All these faithful ones died without receiving what God had promised them, but they saw it all from a distance and welcomed the promises of God. They agreed that they were no more than foreigners and nomads here on earth. And obviously people who talk like that are looking forward to a country they can call their own. If they had meant the country they came from, they would have found a way to go back. But they were looking for a better place, a heavenly homeland. That is why God is not ashamed to be called their God, for he has prepared a heavenly city for them (Hebrews 11:13-16 NTL).

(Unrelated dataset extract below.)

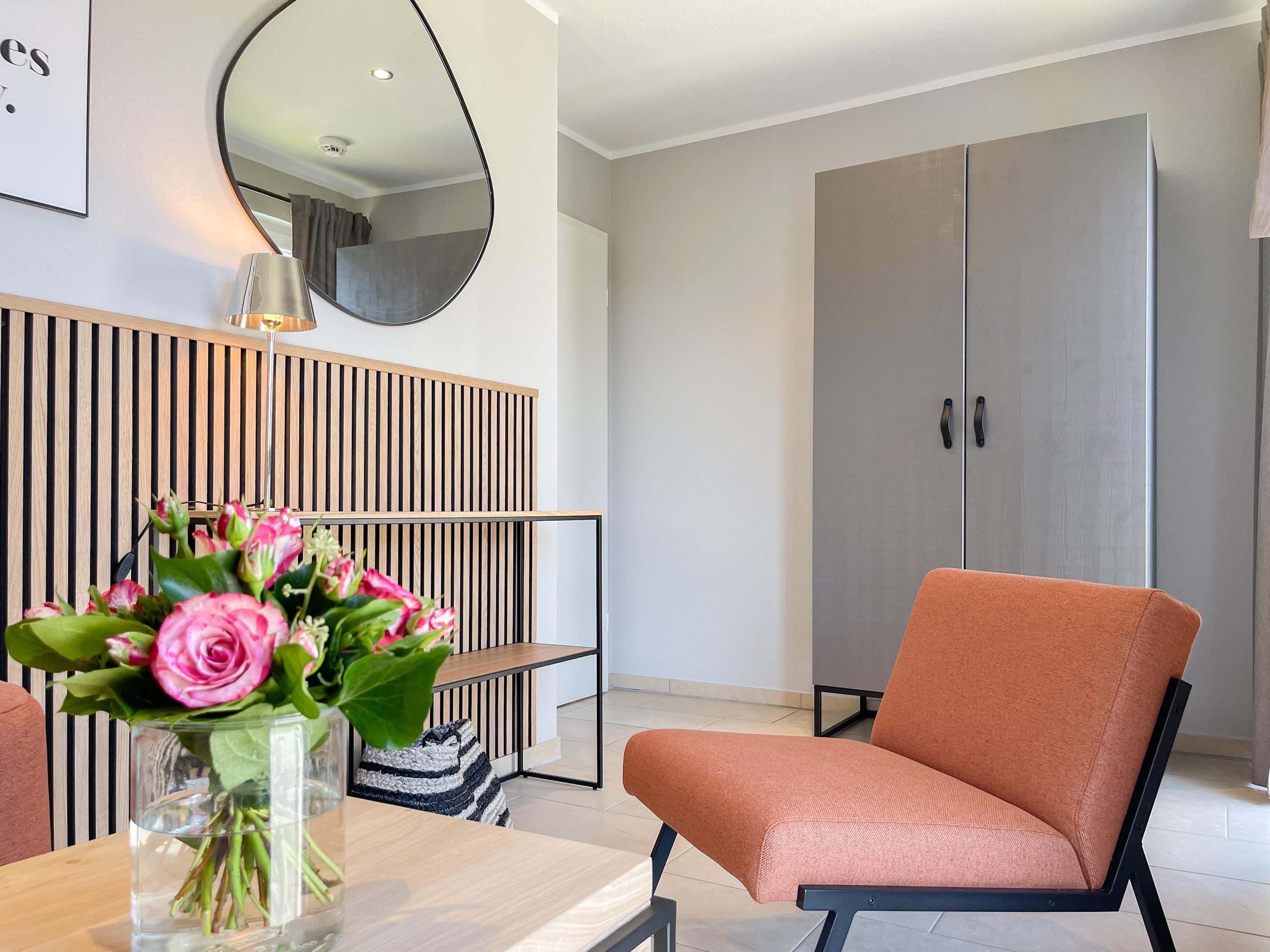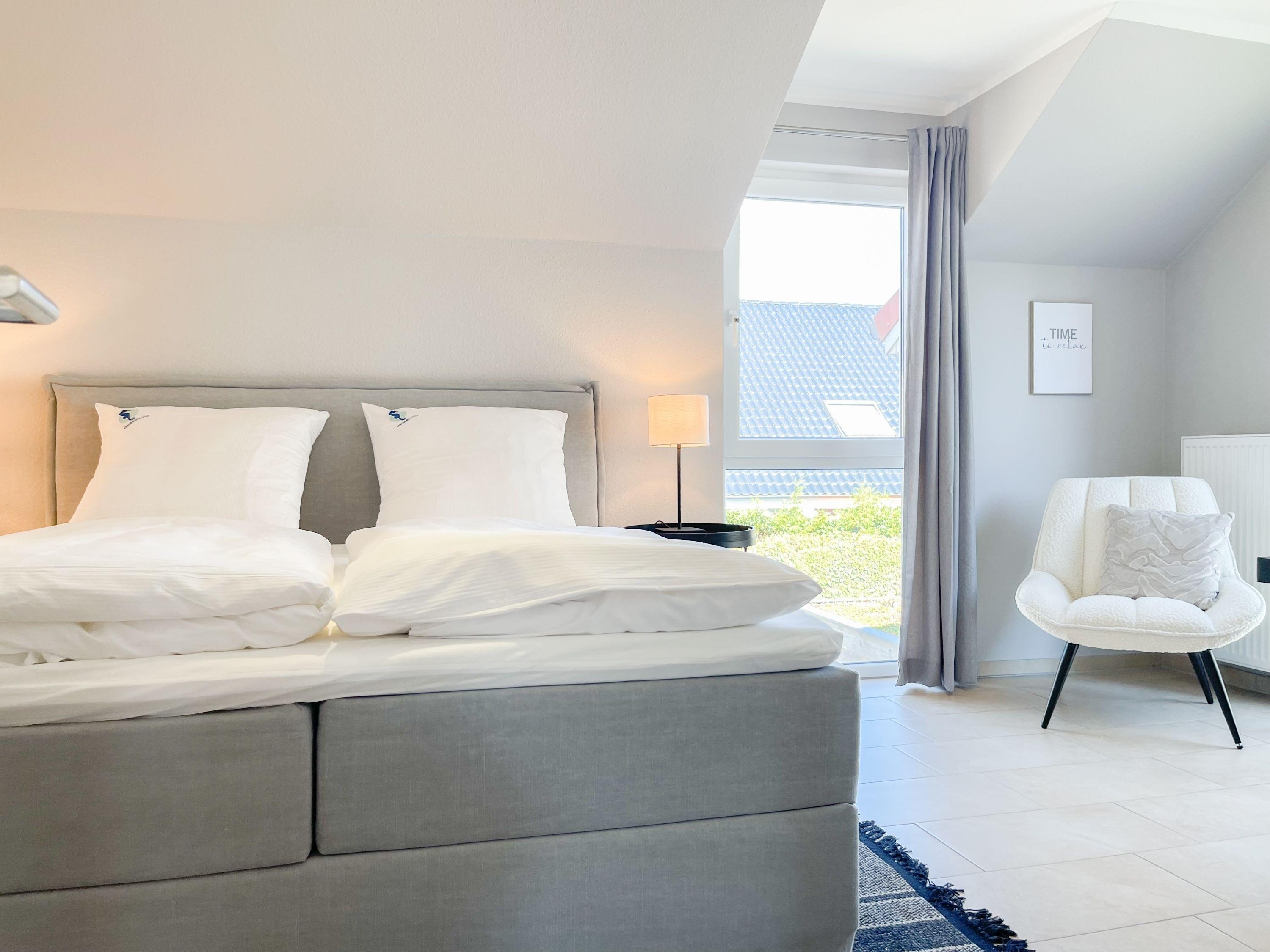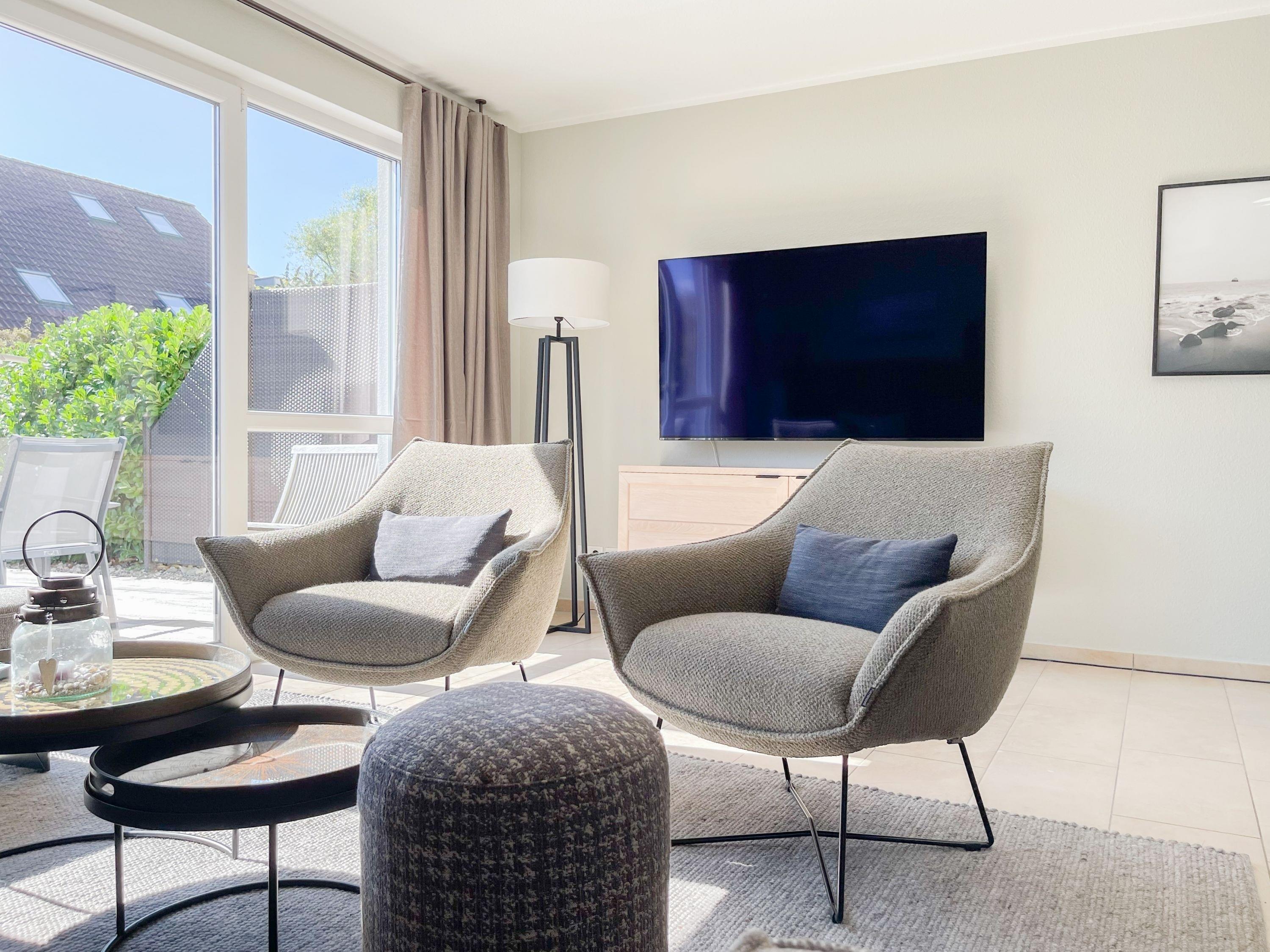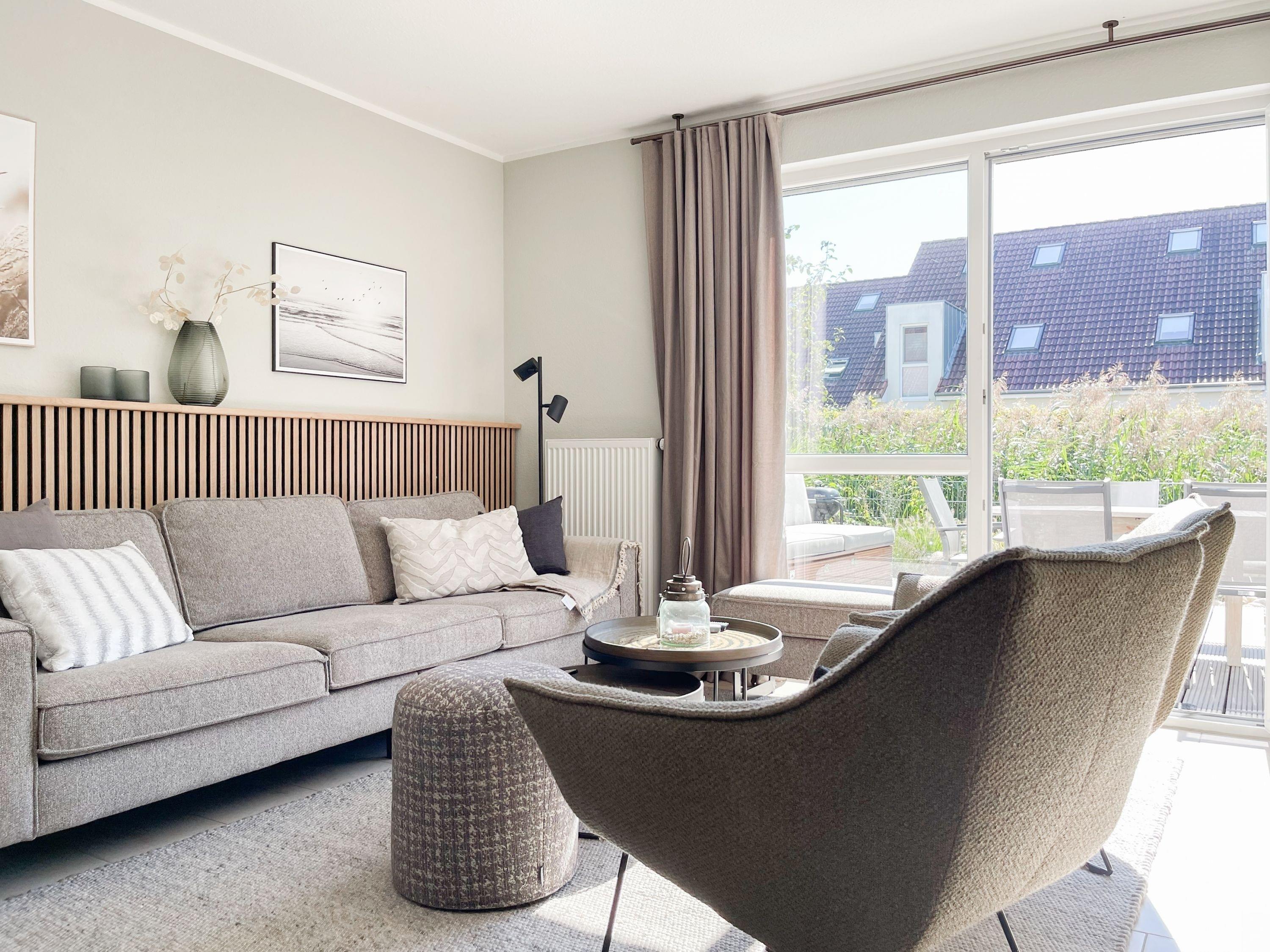 Es erwartet Sie ein exklusives Doppelhaus, das mit 3 Schlafzimmern und 2 Bädern auf über 100 qm Wohnfläche[nbsp] ausreichend Raum für 4-6 Personen bietet, um einen entspannten Ostseeurlaub in Strandnähe zu verleben. Sonnige Räumlichkeiten und die äußerst hochwertige Einrichtung im Hampton Style garantieren einen hohen Wohnstandard in einem herrlichen Ambiente. Im Erdgeschoss erwartet Sie ein großzügiger Wohnbereich, der mit einem komfortablen Sofa, Sesseln und TV eingerichtet ist. Die vorgelagerte Holz-Sonnenterrasse in Südausrichtung ist mit einer XL - Lounge und Gartenmöbeln sowie einer elektrischen Markise ausgestattet.

The biblical story of ancient Israel's 40-year pilgrimage from Egypt through desert territory to the Promised Land becomes a metaphor for all of life to those who know it at all. We are all caught up in the story. We are all on a journey.
Most of us, however, seem to prefer a life with minimal change. We don't like to be disturbed. So we carve out routines. The early-in-life spectacular discoveries become customary and ordinary. What once made us feel the flush of excitement comes to be seen as normal and expected. And life becomes dreary.
You know that dull man or woman who hasn't entertained a new thought in a decade, don't you? She is critical of practically all that is for the simple reason that things are not as they used to be. He doesn't just reminisce but positively pines for the past. No, he lets his memory make the past far more glamorous than it ever was and lets it be known that he resents that things have changed.
It may be as trivial as technology or as monumental as the nature of morality. When people long for the "good old days" of their youth, I sometimes ask — depending on their generation — if they would really prefer life before penicillin or power steering, telephones or computers, air conditioning or coronary bypass surgery. More seriously, I may ask if they truly want to return to a time when women couldn't vote, segregation kept schools and churches monolithic, and children had precious few legal protections against abuse.
Whether individuals or families, corporations or churches, people who set their feet (or minds) in concrete are hiding from reality. They are even being untrue to their divine calling. God calls us to live in confidence and hope, not fear. He asks us to believe — as did Abraham and Sarah, Moses and the Israelites, Paul and Barnabas — that he is already present in the places that are new and untested for us. He is faithful to his people. We are on a journey with God.
You get an unwelcome diagnosis. The company transfers you. Some key person to your life dies. A dream fails to come true. Someone disappoints you terribly. The temporary and passing nature of reality confronts you directly.
Imagine you are in camp with Moses. The call to strike the tents has been given. It is time to move ahead with joy that God is already where you are going.